Liam Hehir: What I saw in Wellington

I spend the afternoon in Wellington yesterday after playing golf in Upper Hutt in the morning. I wanted to see what’s was going on for myself and to assess various media and political claims about the nature and intentions of the mob currently surrounding Parliament. I felt able to do so freely because as a private citizen I don’t represent anybody but myself.

I’ve tweeted about it quite a bit but I think it would be helpful to give a more detailed account of it all in a medium that lends itself to more careful expression.

There are some important caveats to all this

I was there for several hours on a Saturday afternoon. I explored the whole protest area and I talked to dozens of people. But the precise mix of people and prevailing attitudes I encountered very much relate to a very narrow window in time. That’s important because a number of observations I made were very much at odds with much of what was said in the media, but that doesn’t mean that what had been said earlier was wrong.

Nor are my observations guaranteed to be true for all time.

There is no convincing the protestors

The protestors are absolutely convinced about three things:

  • That that the stakes are very high and that the future of the country and its people are at stake; and;
  • The media is not to be trusted and wants to make them look bad; and
  • That they are absolutely correct in these things and there can be no doubting of their assessment.

This is always a dangerous combination. Political rhetoric increasingly lends itself to a sense of constant crisis and emergency as if this is the last chance to halt the downfall of our way of life. It very much puts me in mind of the anti-TPP movement which justified extreme rhetoric on the basis that if the trade deal was signed then democracy would be lost forever.
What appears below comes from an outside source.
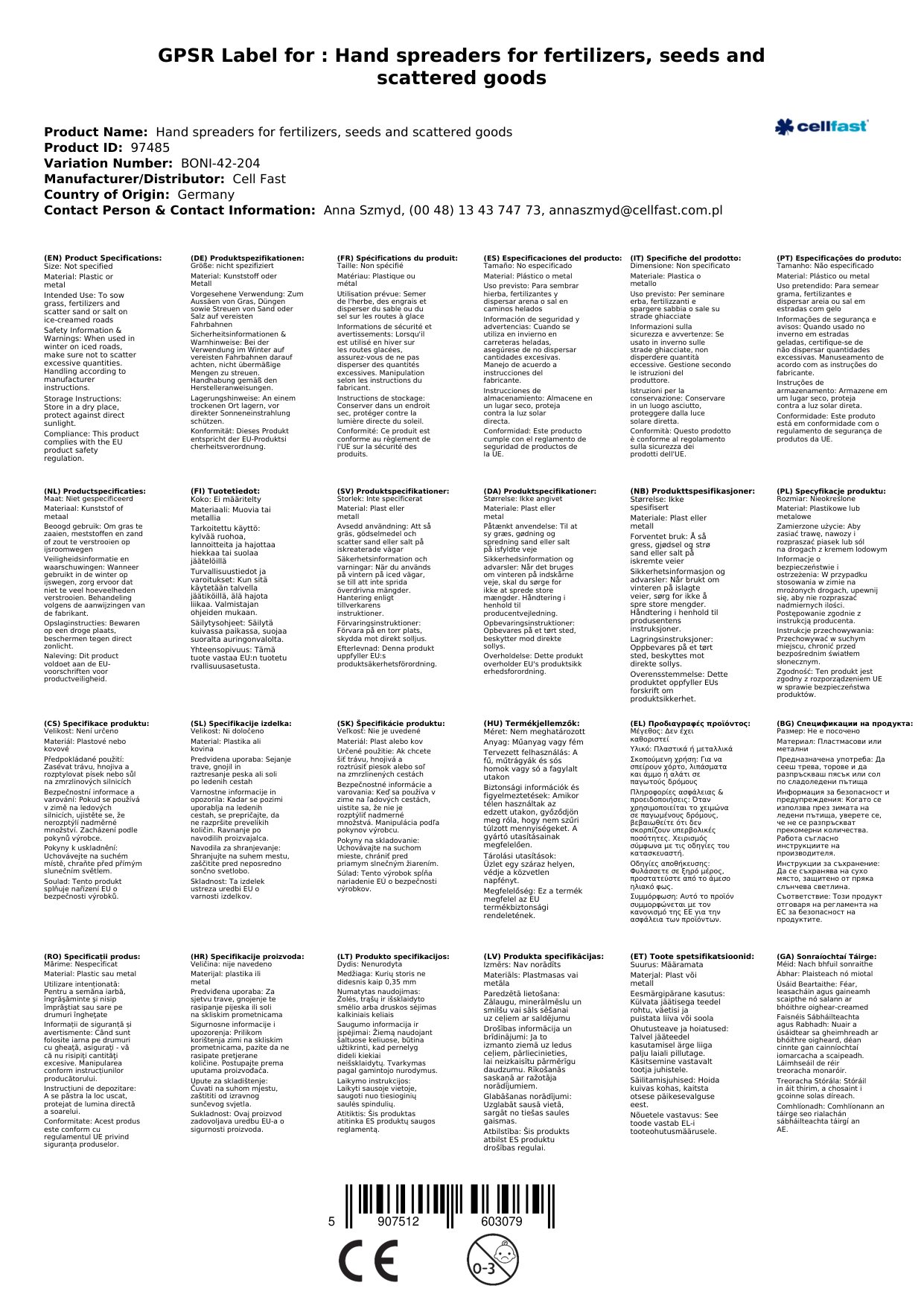 An bhfuil tú ag lorg bealach simplí agus éifeachtach le leasachán, síolta, nó ábhair scaipthe eile a dháileadh i do ghairdín? Is é ár leathadóir láimhe an réiteach iontach duit. Tá sé an-ildánach, cibé acu le haghaidh cur féir, leasachán a chur i bhfeidhm, nó seirbhís gheimhridh. Leis an gcrannchur praiticiúil, is féidir leat an dáileog a rialú go beacht, agus ar an gcaoi sin toradh cothrom a bhaint amach.

I was masked throughout and informed people that I was triple vaxxed. When they asked if I was media I gave them the complicated answer of not really but sometimes I do a bit of work in the media. I also told them I was not a supporter of this government and was a National voter. Some people told me I was still welcome and others bristled. But nearly all of them thought I was either a bit of a fool or a dupe for these things.

The protestors will not disperse just because they have been engaged with. If Jacinda Ardern were to call the leaders up to a meeting on the 9th floor and to listen to their demands in good faith then that would not be sufficient for the protestors to call it a day. They want the government to bend to its will and for the PM to resign.

Accordingly, it makes little sense for the government to engage with the protestors. It would be like negotiating with a brick wall. The matter is going to have to be resolved in a different manner.

It could really get out of hand

There probably was a window of time where firm police action could have nipped it in the bud. Those conditions no longer prevail. There simply are not enough cops to disperse the crowd in an orderly fashion that does not result in a riot. It’s just not the numbers of protestors, which is quite a bit less than the Foreshore and Seabed hikoi which I attended in 2005, but the very sprawling nature of the encampments also has to be taken into account.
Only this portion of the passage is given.